La capacidad de amplificar una pluralidad de secuencias de ácidos nucleicos, tal como una biblioteca genómica o una biblioteca de ADNc, resulta crítica dada la ineficiencia de los métodos actuales de secuenciación. Las tecnologías de secuenciación actuales requieren millones de copias de ácido nucleico por cada reacción de secuenciación. Además, la secuenciación de un genoma humano requeriría aproximadamente diez millones de reacciones de secuenciación diferentes. En el caso de que el material de partida fuese limitado, resultaría necesaria la amplificación del ADN inicial antes de la secuenciación genómica. El material de partida puede ser limitado, por ejemplo si el genoma que debe secuenciarse procede de una cantidad traza de patógeno o de un paciente prenatal. Las técnicas actuales para la amplificación genómica in vitro implican protocolos laboriosos de clonación y cultivo que han limitado la utilidad de la secuenciación genómica. Otras técnicas, tales como la PCR, aunque rápidas y fiables, no son capaces de amplificar un genoma de una manera representativa.

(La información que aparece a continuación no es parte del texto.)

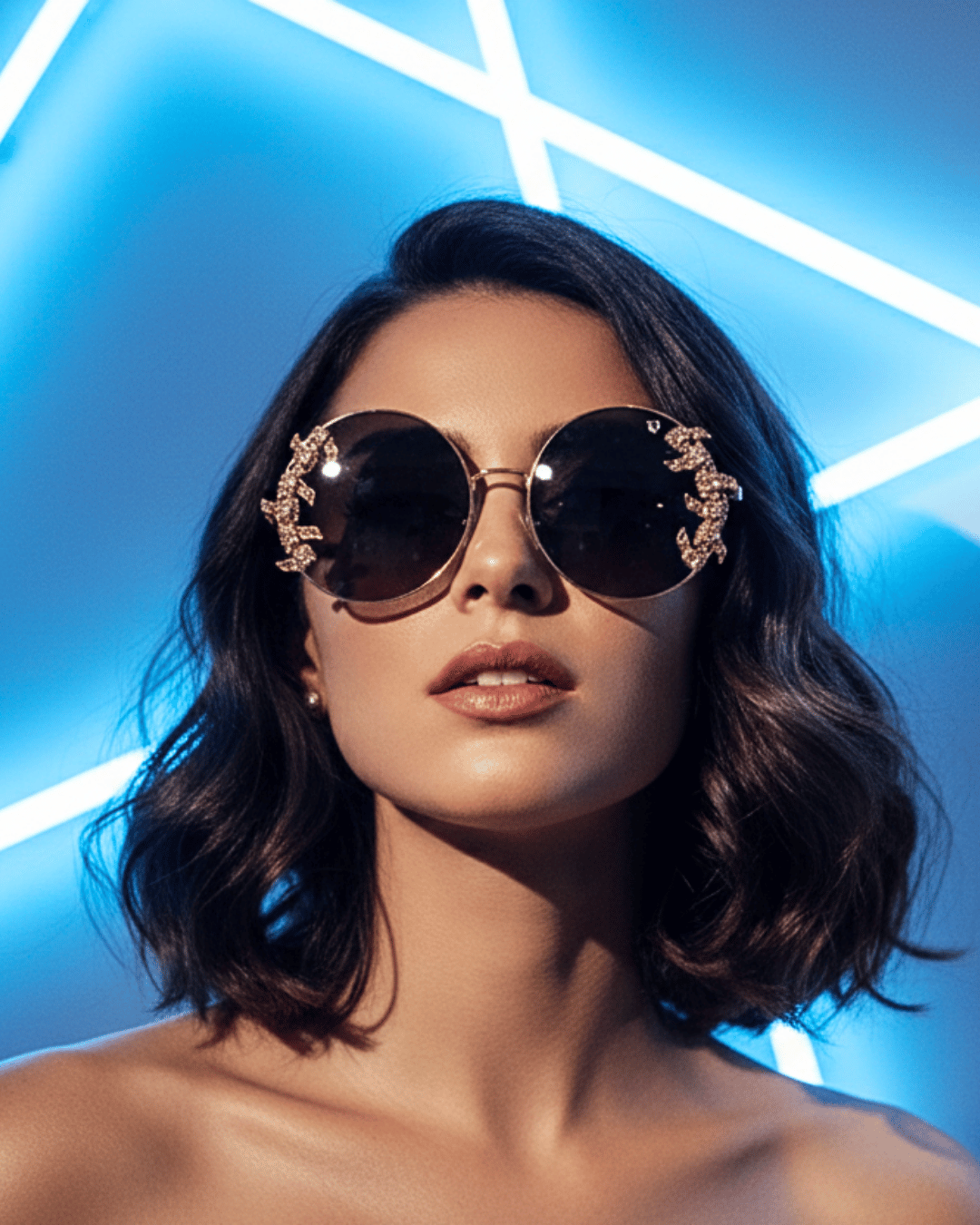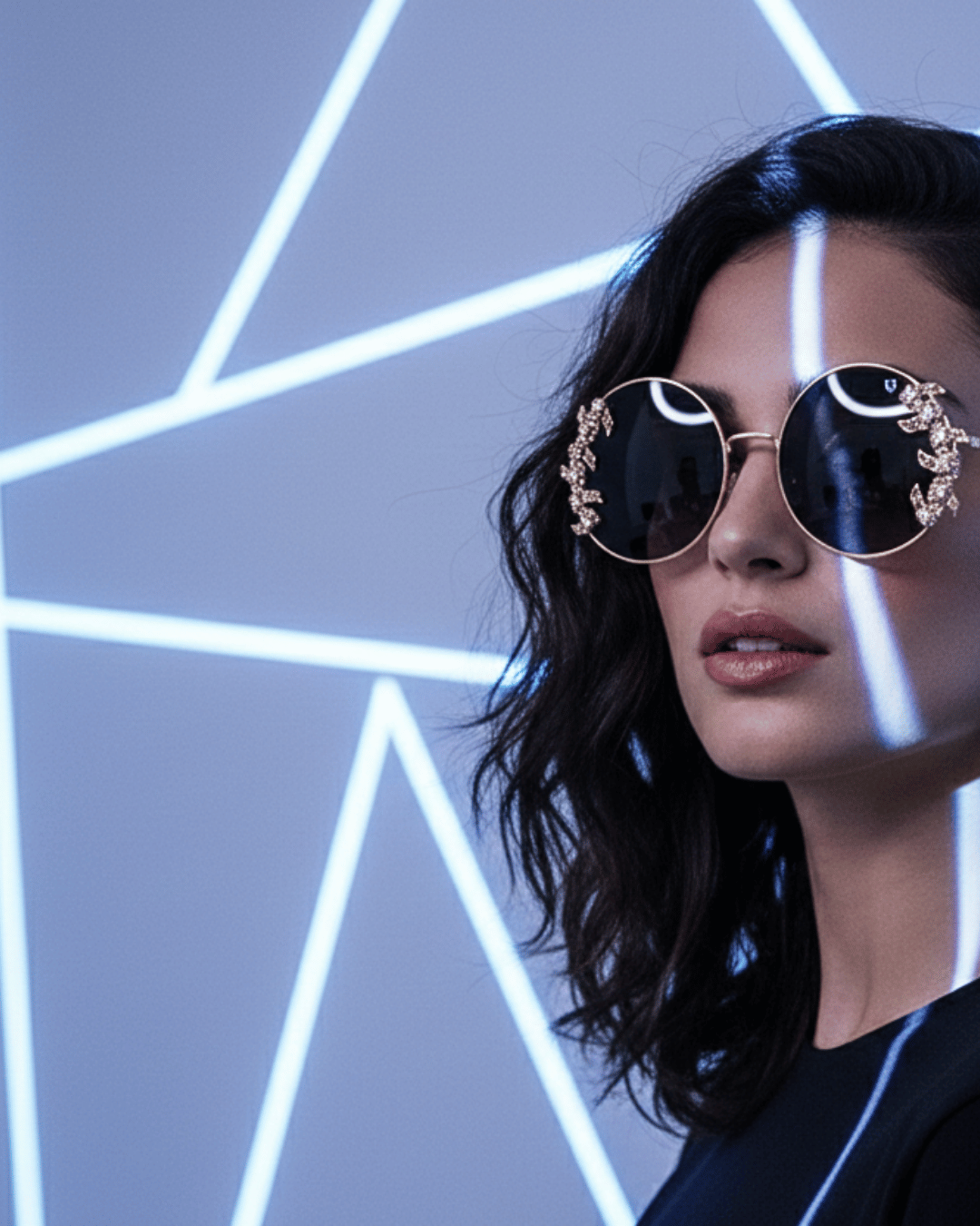 A bold fusion of glamour and edge, these OneVizion crystal edge circle sunglasses are designed to stand apart. The sharply circular frame is highlighted with precision-set crystal-style embellishments along the rims, creating a striking jewellery-like finish.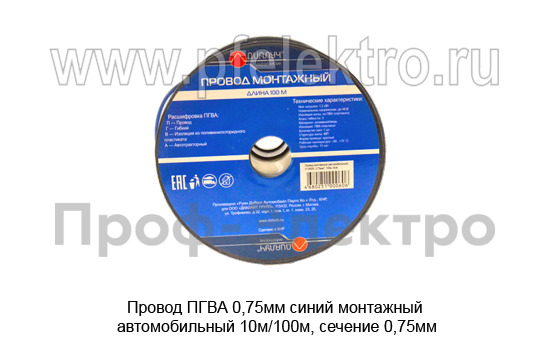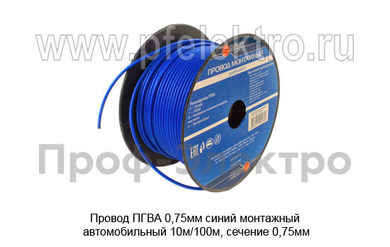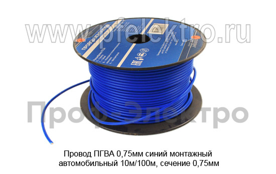 Провод ПГВА 0,75мм синий Провод монтажный автомобильный 10м/100м, сечение 0,75мм, все т/с (ДЛ)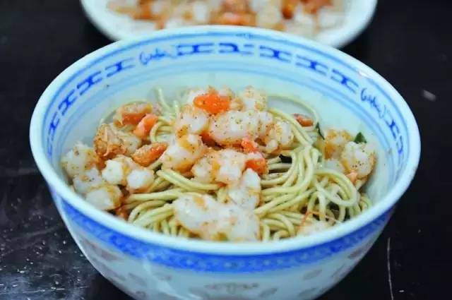 所謂三蝦面,就是把蝦子、蝦腦、蝦仁三種蝦身上最好的東西,經(jīng)過烹飪,作成澆頭,其制作過程很繁瑣,味道真是鮮得眉毛掉下來。在蘇式湯面中,三蝦面屬于比較高大上的吃法,每年夏天的時(shí)候上市,僅有限的幾個(gè)面館供應(yīng)(如裕興記),而且價(jià)格不菲。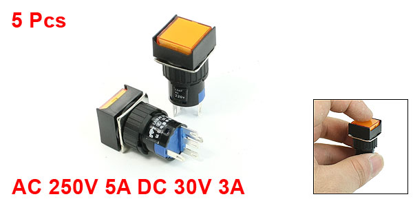 AC 250V 5A DC 30V 3A Latching Yellow Lamp Rectangular Pushbutton Switch 5 Pcs

Aunque la PCR con cebadores aleatorios puede manipularse fácilmente para amplificar una pluralidad de ácidos nucleicos en una reacción, este método no resulta preferente debido a que la biblioteca amplificada no es representativa de la biblioteca de partida. Es decir, en el contexto de una PCR aleatoria algunas secuencias de ADN se amplifican preferentemente a expensas de otras secuencias, de manera que el producto amplificado no representa el material de partida. Este problema de la PCR puede superarse si cada miembro individual de una biblioteca se amplifica en una reacción separada. Sin embargo, este enfoque puede no resultar práctico en el caso de que se requieran muchos miles de tubos de reacción para el procedimiento de amplificación, ya que una biblioteca genómica o una biblioteca de ADNc puede incluir más de 100.000 fragmentos. La amplificación individual de cada fragmento de estas bibliotecas en una reacción separada no resulta práctica.

El documento WO 00/40712 da a conocer un método de separación óptica utilizado para aislar uno o más elementos genéticos codificantes de un producto génico que presente una actividad deseada.

Descripción resumida de la invención

La presente invención proporciona un método para amplificar una pluralidad de ácidos nucleicos (por ejemplo cada secuencia de una biblioteca de ADN, transcriptoma o genoma) de una manera rápida y económico en un único tubo de reacción. Un uso del método de la invención es llevar a cabo la amplificación clonal simultánea (por ejemplo mediante PCR) de una pluralidad de muestras (hasta varios cientos de miles) en un recipiente de reacción. La presente invención proporciona además un medio para encapsular una pluralidad de muestras de ADN individualmente en una microcápsula de una emulsión (es decir, un microrreactor), llevando a cabo la amplificación de la pluralidad de muestras encapsuladas de ácidos nucleicos simultáneamente, y liberando dicha pluralidad amplificada de ADN de las microcápsulas para reacciones posteriores.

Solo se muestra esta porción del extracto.